We await throughput to endure inwards crash-only systems, but this occupation organisation is secondary to the high availability as well as predictability nosotros await inwards exchange.

Comparison to self-stabilization

I mean value the crash-only approach is a particular (more blackbox as well as to a greater extent than scalable) instance of self-stabilizing organisation design.

The crash-only approach uses the ingredient crash abstraction to abstract away dissimilar fault-types as well as dissimilar arrival sequence of these faults. Similarly, the self-stabilization approach uses the arbitrary nation corruption abstraction to avoid the demand to characterize the effects of dissimilar types of faults. Of course of educational activity the deviation betwixt the stabilization approach as well as crash-only approach is that stabilization requires access to the code as well as requires figuring out the expert states of the organisation to converge to. In other words, stabilization is a chisel as well as crash-only is a large hammer. But, for scalability of adding fault-tolerance to large systems, you lot may last improve off using a hammer than a chisel.

State-store approach as well as keeping application logic stateless also connects dorsum to the self-stabilization approach. Building a stateless organisation is a footling means to brand a organisation self-stabilizing. If you lot don't remove hold whatsoever nation to corrupt, the organisation is trivially self-stabilizing. (Similarly, if the organisation is built to last soft-state, so the corrupted nation expires with fourth dimension as well as new/correct information is written inwards the novel state, so the organisation is over again easily shown to last self-stabilizing.)

Final remarks

The newspaper includes the next judgement inwards the conclusions section, which I mean value is a real expert summary/evaluation of the approach: "Writing crash-only components may last harder, but their uncomplicated failure behaviour tin brand the assembly of such components into large systems easier."

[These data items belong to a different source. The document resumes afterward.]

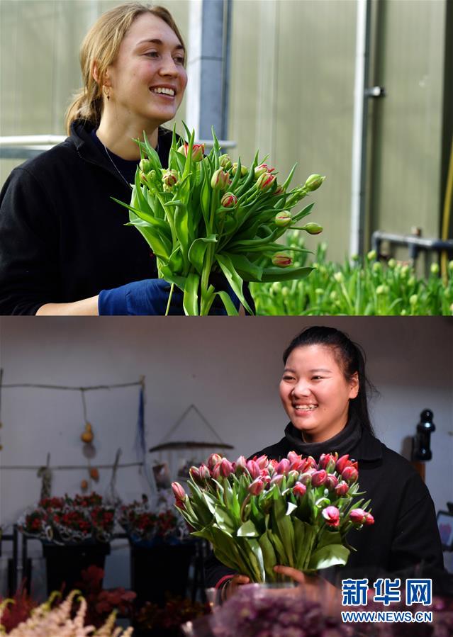 这是一张拼版照片,上图为:11月4日在荷兰特里弗洛尔农场中,花农手捧郁金香鲜花(新华社记者林立平摄);下图为:11月7日在河南郑州小马进口鲜花店,臧晶晶手捧郁金香鲜花(新华社记者李嘉南摄)。新华社发
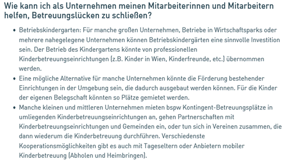 Die Statistiken sagen leider nicht viel über die Nähe der Kinderbetreuungseinrichtungen zu den jeweiligen Arbeitsplätzen an, womit ein wesentliches Kriterium der Realitätsnähe fehlt. Betriebskindergärten sind aufgrund der raschen Möglichkeit der Einbindung von Eltern in schwierigen Betreuungssituation von Bedeutung. Das hat auch die Wirtschaftskammer Österreichs erkannt, die für ihre Mitglieder folgende Tipps zur Umsetzung eines derartigen Angebots gibt:
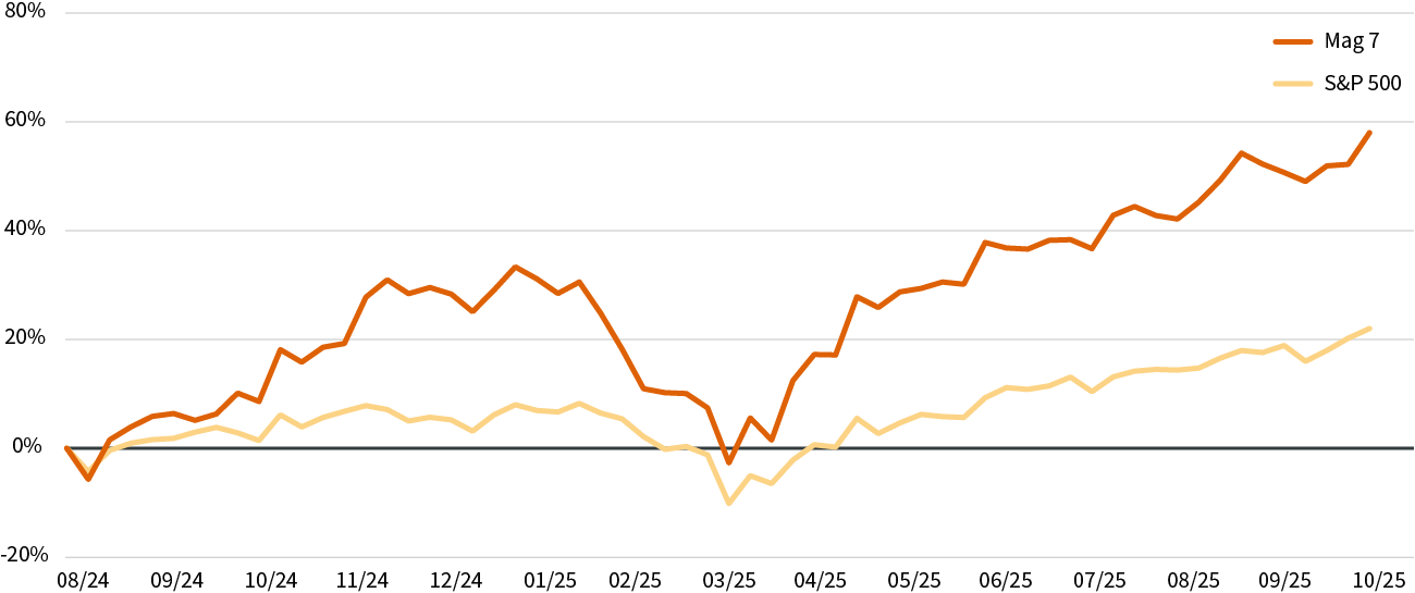 Relative performance of the Magnificent 7 and the broader S&P 500: August 2024 – October 2025
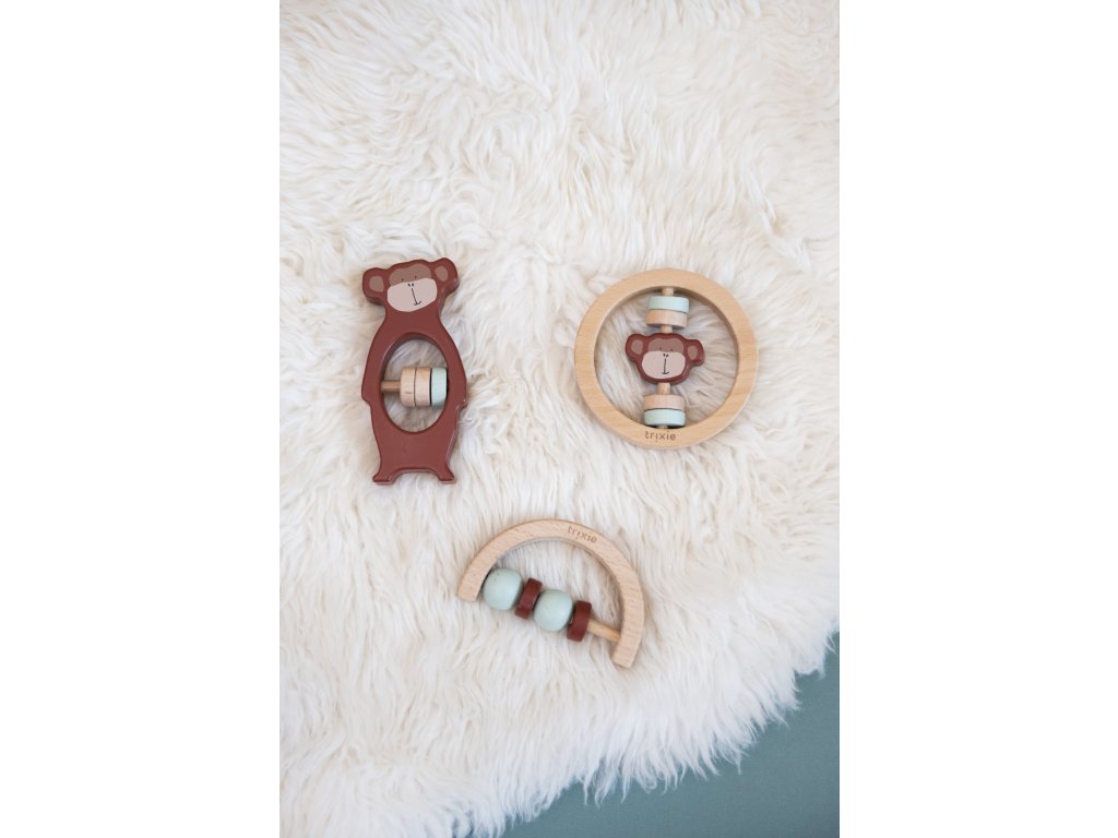 Krásné dřevěné chrastítko ve tvaru zvířecího kamaráda se dobře drží i těm nejmenším ručičkám.
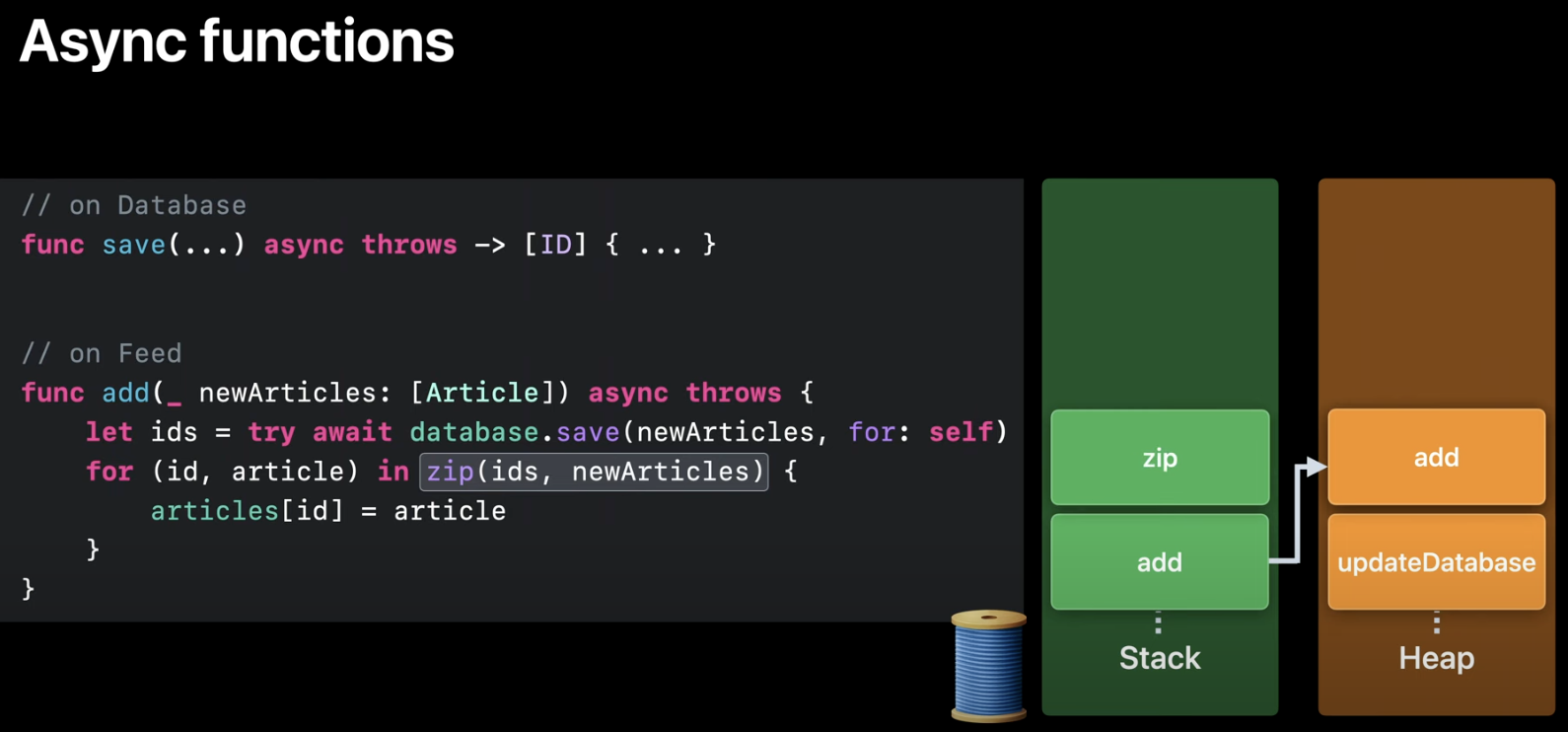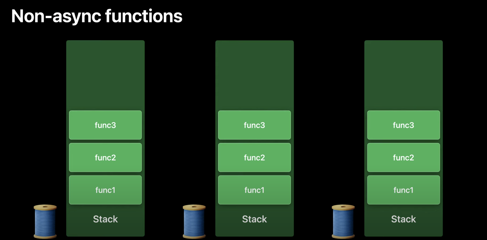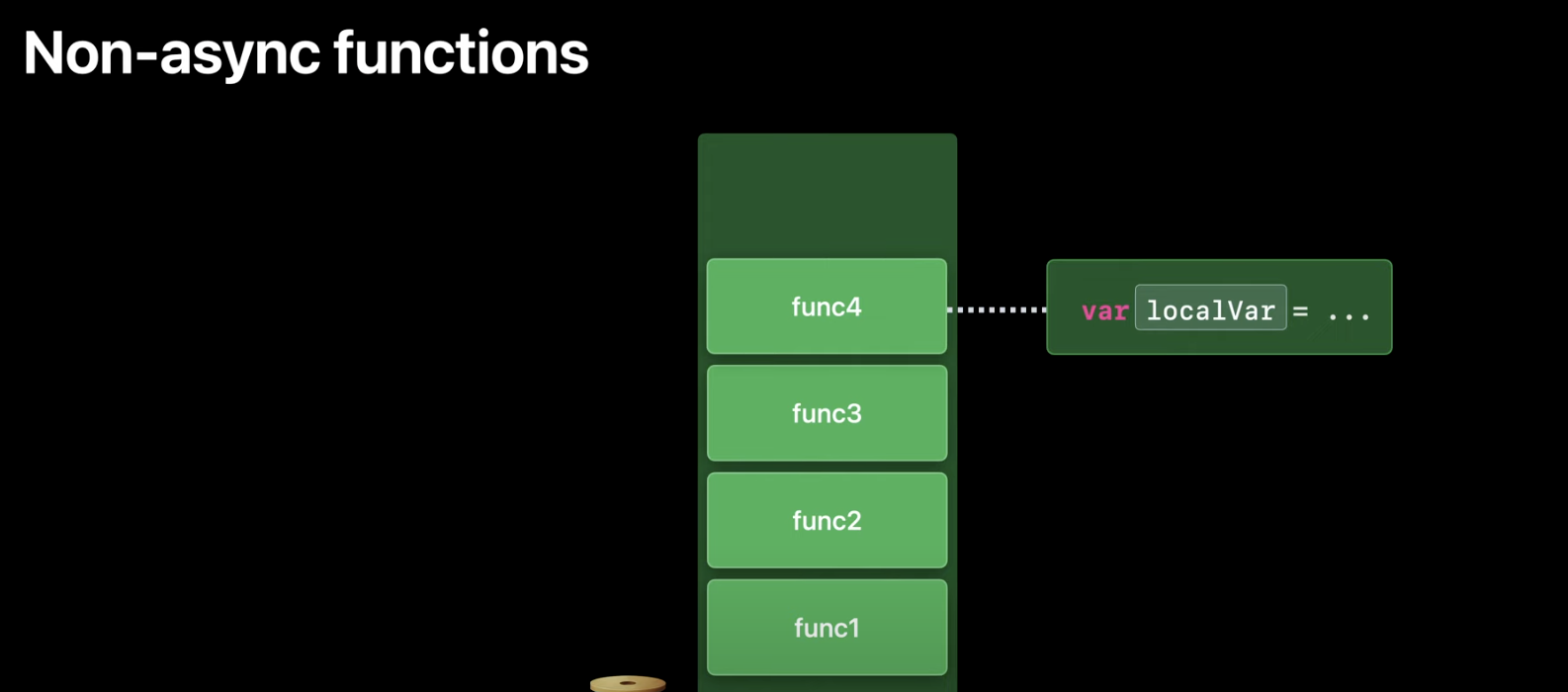 Swift는 OS 스택을 계속 사용하므로 비동기 및 비동기 Swift 코드 모두 C와 obj-c 모두 효율적으로 호출할 수 있음.

Yes, crash-only approach provides to a greater extent than or less compositionality of fault-tolerance because it uses restarts to transform arbitrary faults into crashes as well as each crash-only ingredient is written anticipating that it volition interact with other crash-only components so it tin tolerate crashes of other components. However, things are non e'er tardily inwards do as well as at that topographic point are caveats equally nosotros mentioned above. Some faults tin leak through the crash-only abstraction as well as contaminate other components. Also at that topographic point could last hidden/emergent interactions/couplings betwixt components that the developer needs to tune.